2) Bloggers Count. At this event bloggers are important. We had our own room, sponsored by Dice, and numbered about 30. I remember Rob Jones writing about how having blogger as opposed to a sales prospect’s job title on his badge at CIPD11 elicited a more ambiguous approach from exhibitors. Not here. Most businesses wanted to engage the bloggers and tell us about their tech and what it could do. They seemed to see us as important conduits of their message. They scheduled meetings with us, made sure we were at all the parties and receptions, sought our views on trends and generally saw us as a valuable, and influential, channel…something UK event organisers should take note of. I really appreciated, and learned from, time spent with Glassdoor, RoundPegg, Success Factors and MTM Recognition.

The impression I got was that bloggers were seen as an important part of the conference and an important link for exhibitors and speakers.

3) Swag and Parties. From some of the blogs I had read covering previous years I was expecting to need an extra suitcase for all the swag on display – I’m a sucker, I really did think there would be t-shirts with slogans like ‘HR chicks/dudes do it better’ ! As it was, amongst the stress balls, pens and flashing party specs I will make use of my Cornerstone on Demand shirt proudly proclaiming that I’m a Millennial at Work (I took a survey, honest) and my limited edition ‘Seize the Night’ Virgin Pulse launch one. Not forgetting my SumTotal iPhone/iPad charger, Glassdoor lip salve, mints and torch/bottle opener key ring, Technomedia USB, Broadbean beer cooler and many more!

The parties…well, I’ve shared what I need to on Instagram, Facebook and Twitter! There were many of them, often 3 or 4 on at the same time, offering part networking and part fun. No expense spared either. My top three were courtesy of Reputation Capital/Blogging4Jobs/Technomedia, Jobvite and Virgin Pulse/Starr Conspiracy. If you really need reasons to go to this conference then the parties are as good a good place as any to start!

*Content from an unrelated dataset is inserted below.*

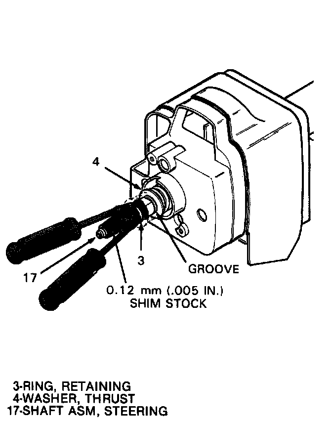 12. Wrap a two inch wide piece of shim stock 0.127mm (0.005 in.) around the shaft and slip a new retaining ring (3) up to thrust washer (4). Use two long handled screwdrivers and push on retaining ring (3) until it seats in the retainer ring groove in shaft (17).

4) Content. The actual conference part provided me with a mix of great, good and average. The keynotes from Don Tapscott and Jason Averbrook were excellent. The panel sessions were good value too. Some of the breakout presentations were less insightful though – maybe I was spoiled by attending HRevolution the day before as there was certainly more energy, ideas and insight at that event than in some parts of the larger conference. Will be interesting to see how this shifts with Steve Boese now at the helm of HR Tech.

Of course the real big noises of the content show were that perennial fave ‘talent management’ which jockeyed for overuse with the younger rising star ‘big data’. For me both are default terms that cover for a lack of more interesting conversations…would have been good to have a deeper dive into both these areas particularly with reference to the end user. We heard how both Amazon and LinkedIn know more about employees than their employer does but no real insight as to the relevance and impact of this.

For me the three most interesting, and encouraging, technologies at the event were about sourcing & candidate identification, using social reach and conversations to provide something a lot deeper – Dice’s Open Web, and two emerging businesses that didn’t exhibit but were certainly active participants in the conversations – eitalent and entelo.

5) Connections and Conversations. This was a huge part of the conference experience and one of the strongest. Some really great conversations and insights were shared, with the opportunity to have face time with many people who are often just avatars on a social networking platform, being a particular highlight. It’s difficult to put a value on this kind of interaction, but I know that this part made the whole trip worthwhile for me.

As you may have gathered, I enjoyed the experience. The interactions, insights and social aspects were hugely important. Technology is an enabler, a delivery platform that is now embedded in almost every action that HR and Recruiters take on a daily basis. From payroll to on-boarding, rewards to succession planning every professional needs to understand how technology can help deliver an improved and enhanced service, and experience, to current, past and future employees, managers and directors.

This event was a great place to start – I’m planning on coming back next year!